# [INPUT RECORDS]
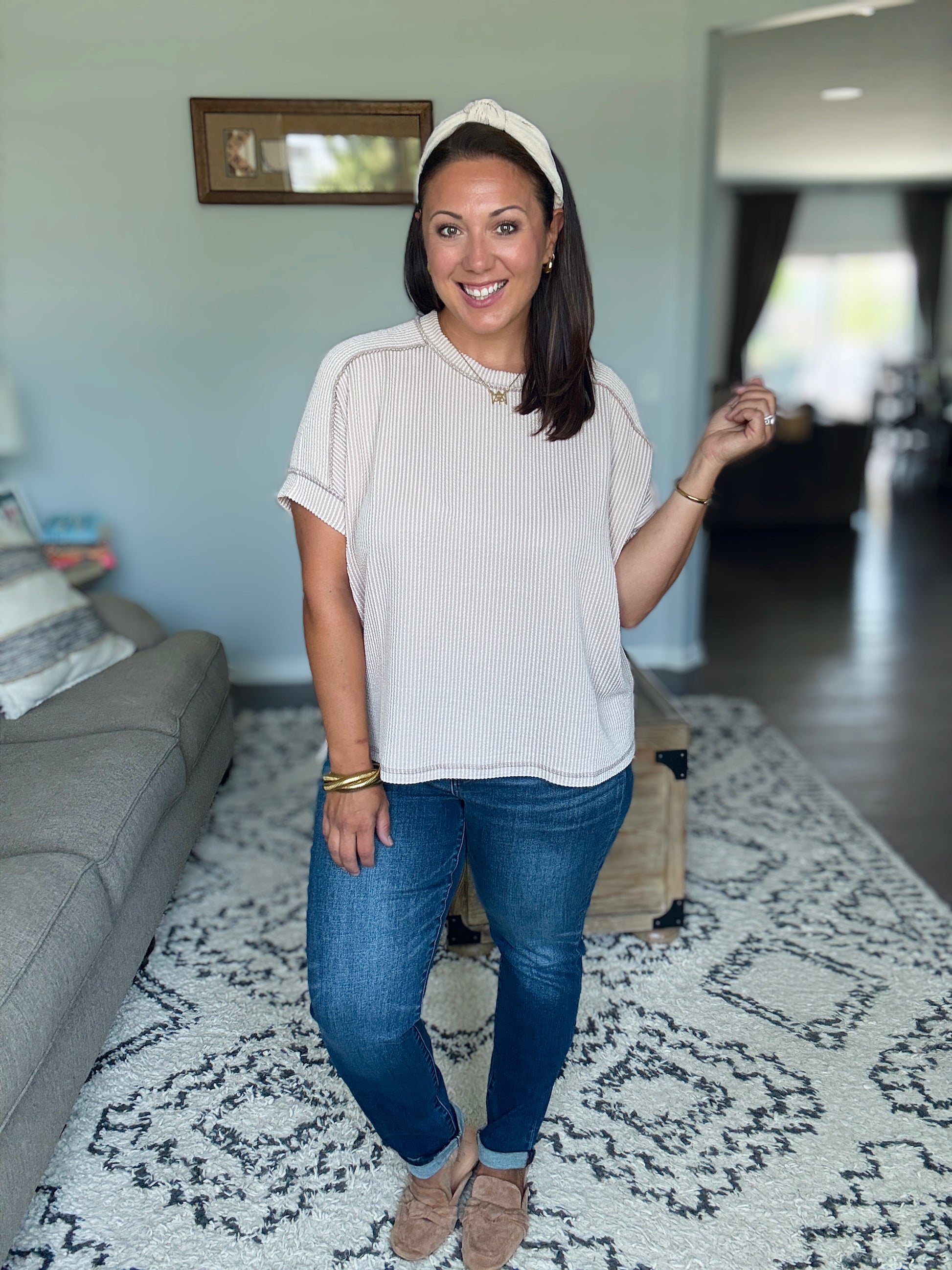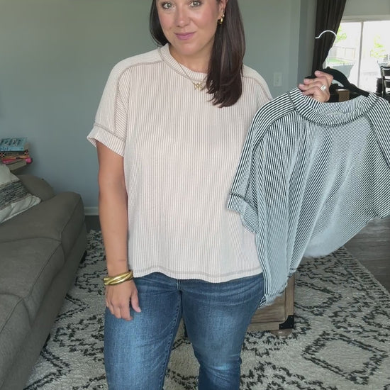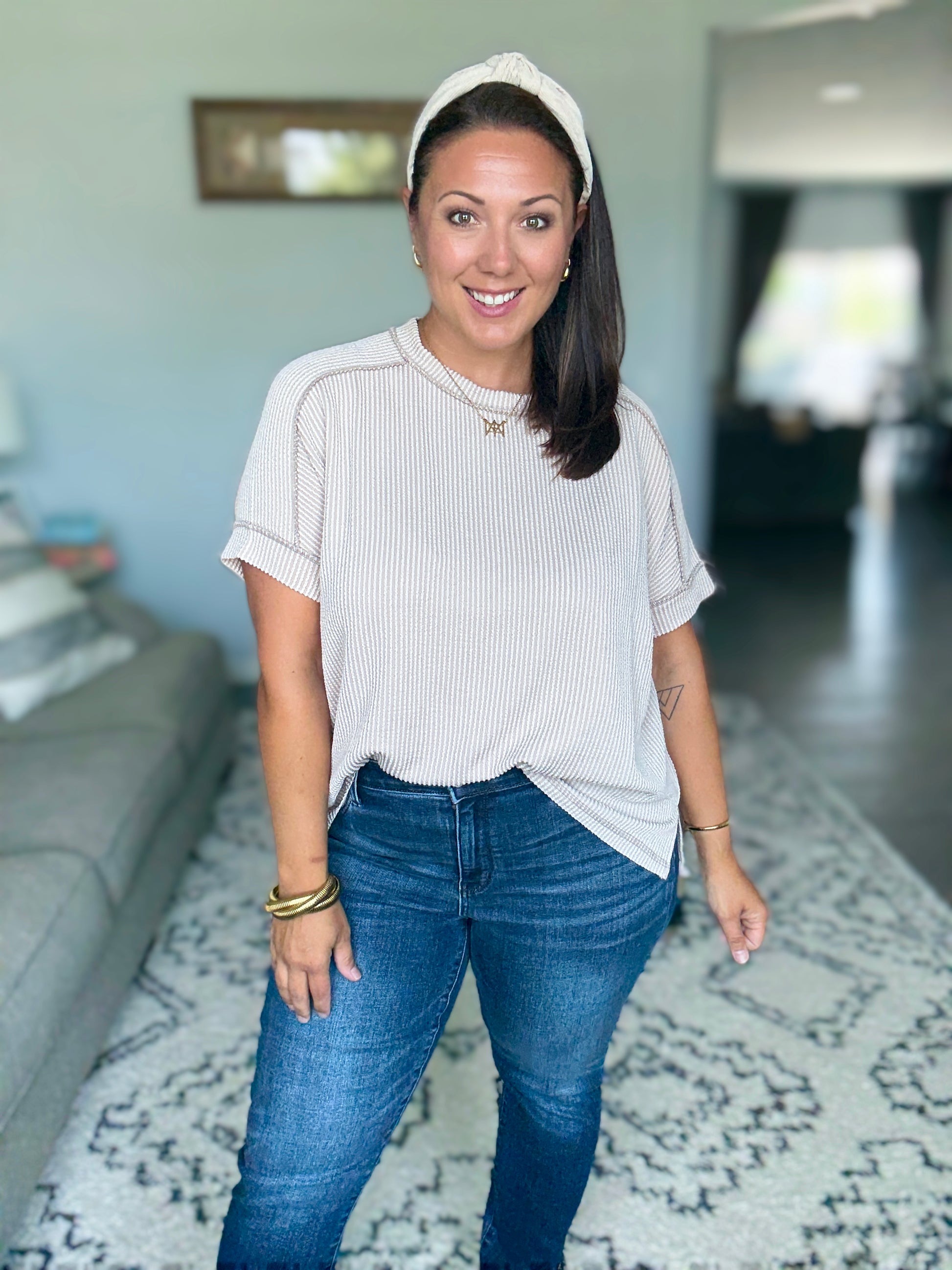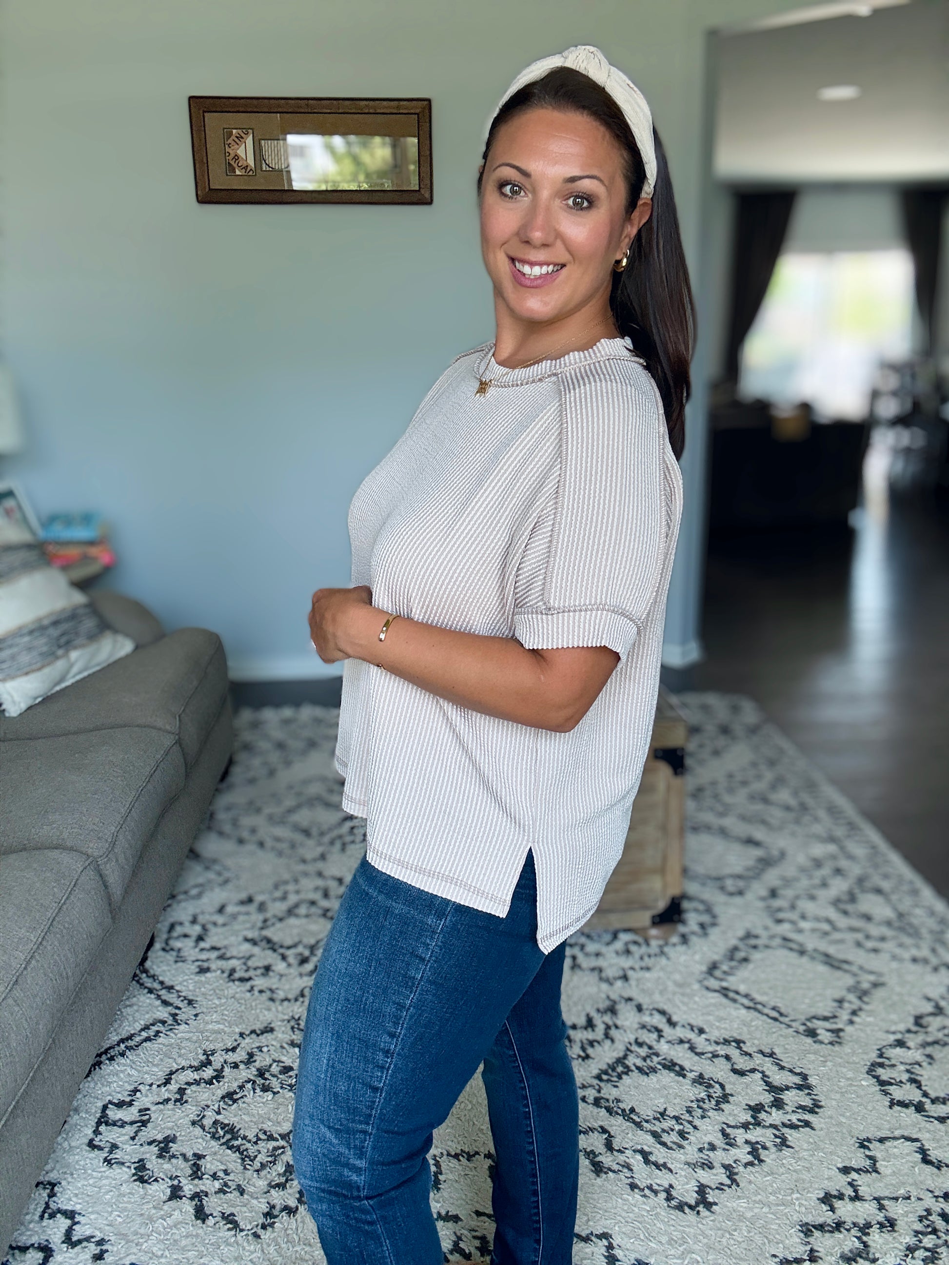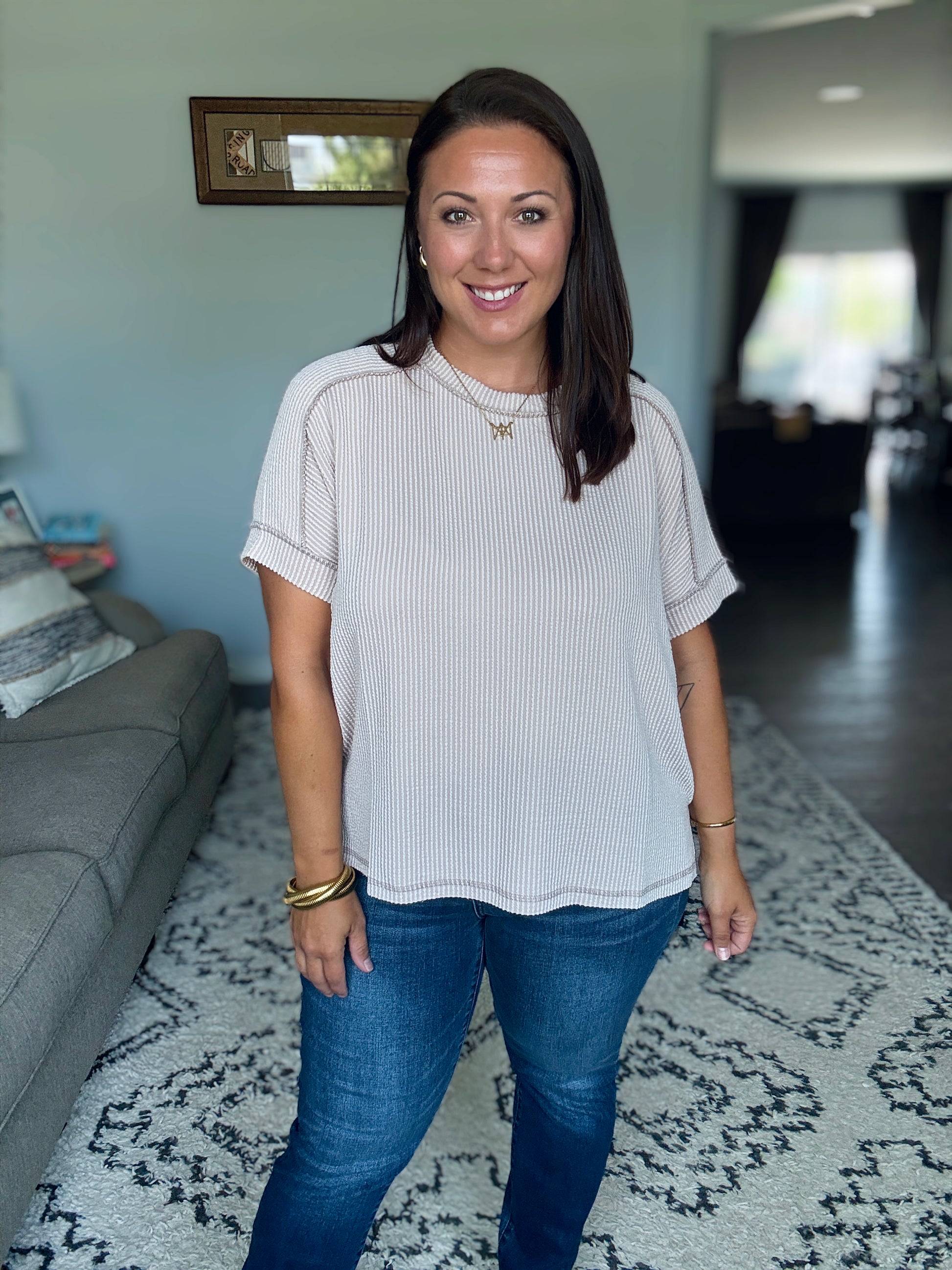 Catch Me Loungin’ Cable Ribbed Knit Top in Ash Mocha
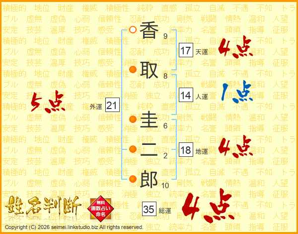 香(9画)取(8画) 圭(6画)二(2画)郎(10画)
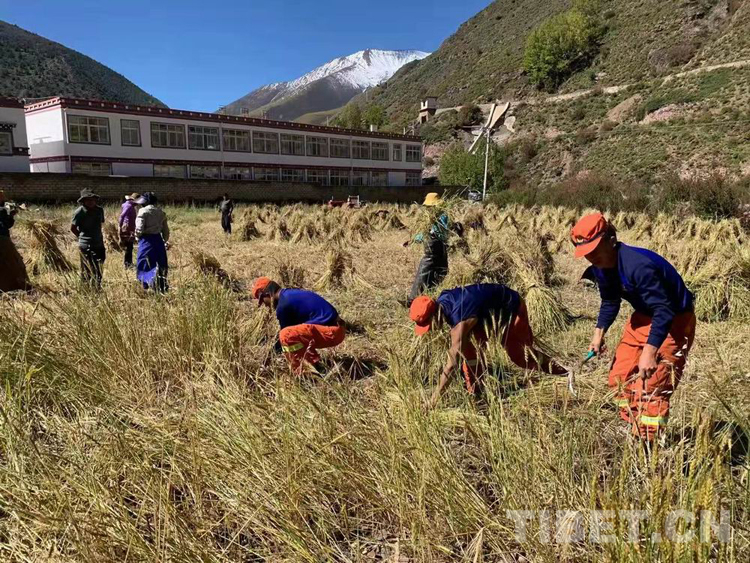 中國西藏網(wǎng)訊 農(nóng)諺說:“夏忙半個(gè)月,秋忙四十天?!鼻锸諏r(nóng)民來說至關(guān)重要,盼了一年的勞動成果,終于要?dú)w倉了。近日,為了幫助西藏自治區(qū)昌都市左貢縣田妥鎮(zhèn)亞中村群眾及時(shí)收割地里熟透了的青稞,昌都市左貢縣森林消防中隊(duì)指戰(zhàn)員們放棄休息時(shí)間,走進(jìn)田間,與鄉(xiāng)親們一起打響糧食搶收保衛(wèi)戰(zhàn),確保地里的青稞全部歸倉。
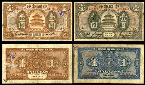 Lot of 2 notes, both $1, 1918 Issues, Includes Shanghai, P-51m, Fine; and , Tientsin, P-51q, Fine with 1.5 inch tear that is taped repaired. ABNC. From The Allen Berk Collection.
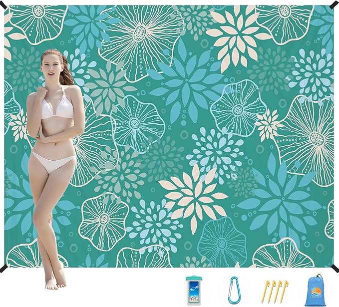 • 🛒PACKABLE SAND RESISTANT BEACH BLANKET MAT:The package includes 1 beach blanket,4 ground stakes for windproof,1 carabine for carry.You can enjoy a wonderful outdoor time with your family.If you have any questions,please don't hesitate to contact us.
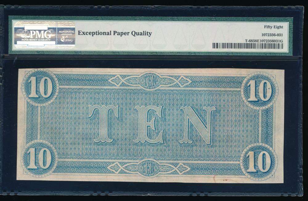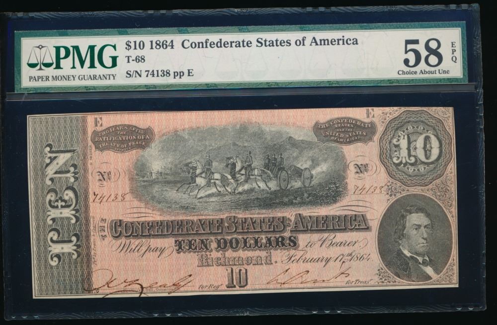 One 1864 $10 T-68 Confederate PMG 58EPQ.
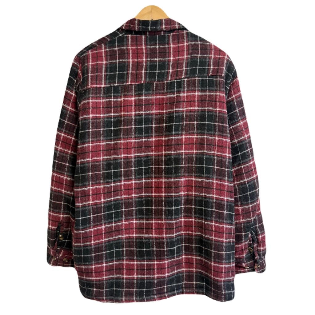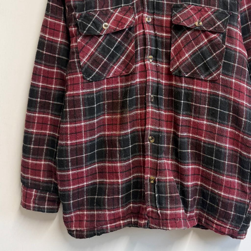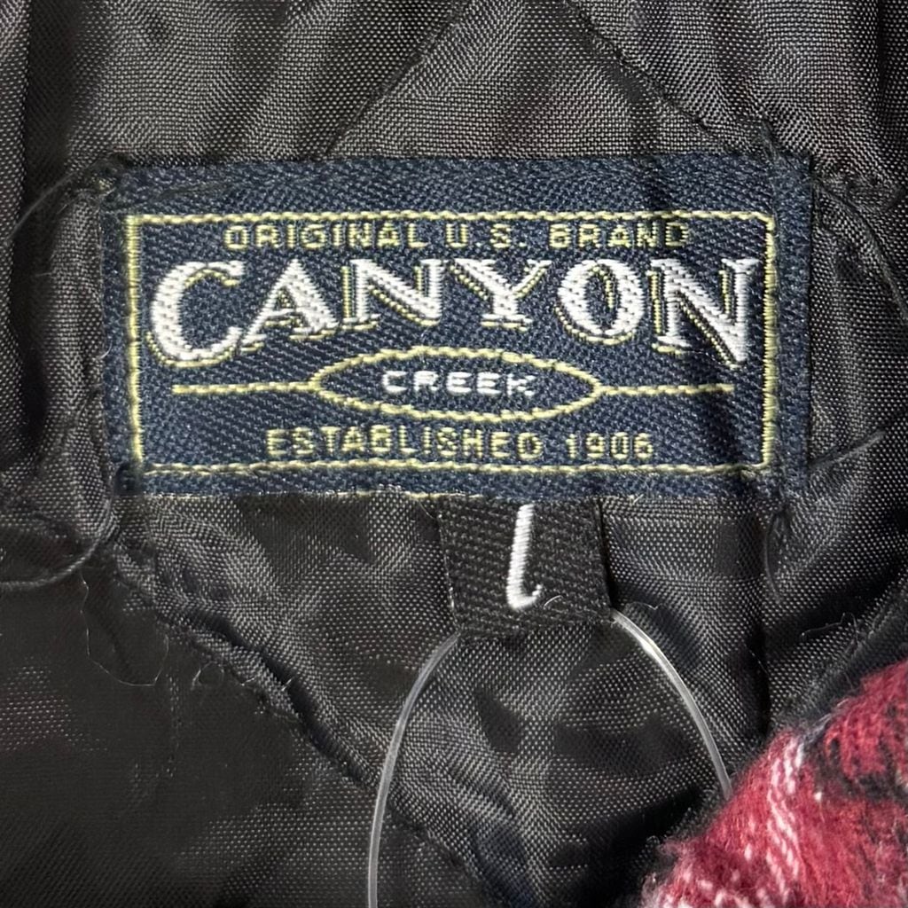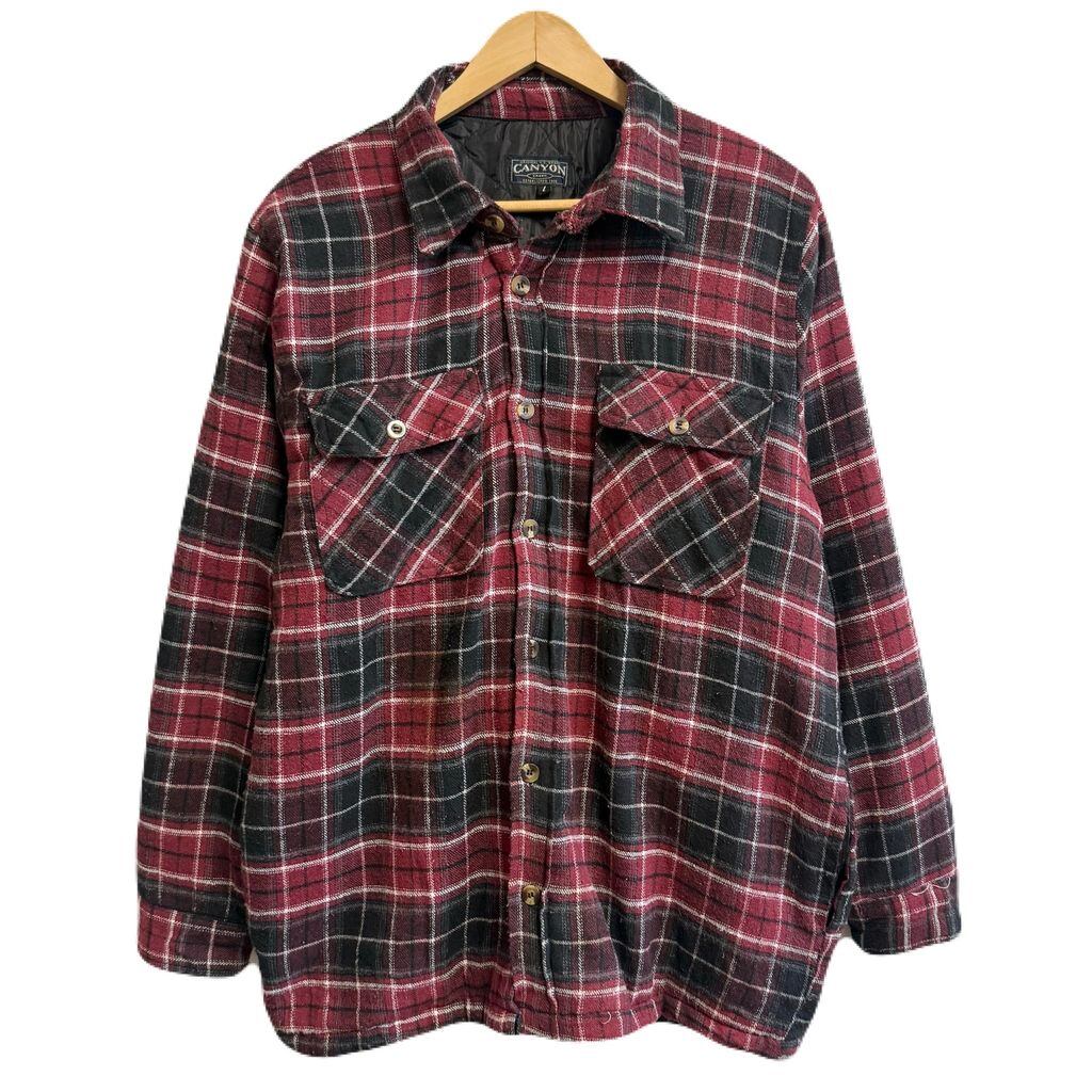 CANYON シャツジャケット キルティング裏地 コットンシャツ チェック柄 ポケット付き 厚手長袖シャツ ワインレッド×黒×多色 Lサイズ No.M245

# [YOUR ASSIGNMENT]
The answer consists of the lines from the one holding "One 1864 $10 T-68 Confederate PMG 58EPQ." to the end of the records, inclusive, restated exactly and without pictures.

# [YOUR RESPONSE]
 One 1864 $10 T-68 Confederate PMG 58EPQ.
 CANYON シャツジャケット キルティング裏地 コットンシャツ チェック柄 ポケット付き 厚手長袖シャツ ワインレッド×黒×多色 Lサイズ No.M245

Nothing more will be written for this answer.